The default configuration can be found in get_conf.c, at set_default_conf(). Output is written to .dat and .tex files in the directory the tool is executed, as well as to stdout.

Overview of INRFlow

INRFLow takes a network topology, routing algorithm(s), traffic patterns, and a number of link faults as input, and then outputs flow-level data for each link. It is currently optimised for research on large server-centric datacenter networks (DCNs) and relevant traffic patterns.

INRFlow can be extended by defining new families of topologies and their routing algorithms (e.g., src/knkstar/knkstar.c), and then making minimal changes to the main INRFlow file (src/inrflow/main.c) to let it know about the new topology.

See inrflow.conf for examples of accepted input formats, as well as the source code for the topology of you are interested in.

Outputs are written to column separated text files, as well as stdout and a latex file for convenience.

Release Version Information

  • V0.3.0 First release!
  • V0.4.0
    • Dynamic engine added.
    • INRFlow refactored
    • Optional stats and histograms, topology-side
    • New topologies HCN BCN (hcnbcn) and Generalized DCell and FiConn (gdcficonn)
    • New features in Jellyfish topology
    • Shift and Bisection traffic patterns
    • Time measuring infrastructure

INRFlow's Outputs Explained

Stats and histograms are written to .dat files, stamped with identifying information and the time of execution (so you are unlikely to overwrite anything). Both of these files are meant to be used with pgfplots (see pretty_plot.tex for examples.)

The same output, stats transposed, is also sent to stdout.
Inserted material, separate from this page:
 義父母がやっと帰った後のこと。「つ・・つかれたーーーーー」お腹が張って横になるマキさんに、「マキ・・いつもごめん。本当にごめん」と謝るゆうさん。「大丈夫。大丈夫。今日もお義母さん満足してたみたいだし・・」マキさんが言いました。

Find some commented example stdout output below.

r.seed                 //random seed
tf.version             //version of inrflow framework
topo.version           //version of the current topology
p.cable.failures       //proportion of bidirectional link failures
                       //(there are no unidirectional link failures)
n.cable.failures       //number of bidirectional link failures
n.servers              //number of servers
n.switches             //number of switches
switch.radix           //switch radix (non-regular switch degrees to be supported in future)
n.cables               //number of bidirectional links (failed or otherwise)
n.server.pairs.NN      //number of pairs of servers
n.server.pairs.NN-1    //number of pairs of DISTINCT servers
n.routes.connected     //number of routes succesfully completed (including self-sent)
p.routes.connected.NN  //proportion of routes succesfully completed (including self-sent)   //stats on path length where EVERY link is counted          
min.server.hop.length   //stats on hop length of paths, where only SERVER HOPS are counted 
//The following items are currently only reported for fault-free networks
//and are computed from the flow histogram
n.links                 //number of fault-free links                              
connected.nonzero.flows.over.bottleneck.flow  //aggregate bottleneck throughput (ABT) with no self-sent flows: N\*(N-1)/
connected.flows.over.bottleneck.flow          //ABT including self-sent flows: N*N/
connected.nonzero.flows.over.mean.flow        //As above, computed with
runtime                                       //number of seconds the whole process took                          //the time the process was started
n                                             //parameters relating to the topology (there may be others).

Extending INRFlow

Adding a new topology

INRFlow is designed so that new topologies and routing algorithms can be added. We describe how the topology ficonn integrates with INRFlow. Code for ficonn resides in code/main/src/ficonn/. In order for ficonn to interface with INRFlow we (1) assigned virtual functions and (2) defined configuration parameters.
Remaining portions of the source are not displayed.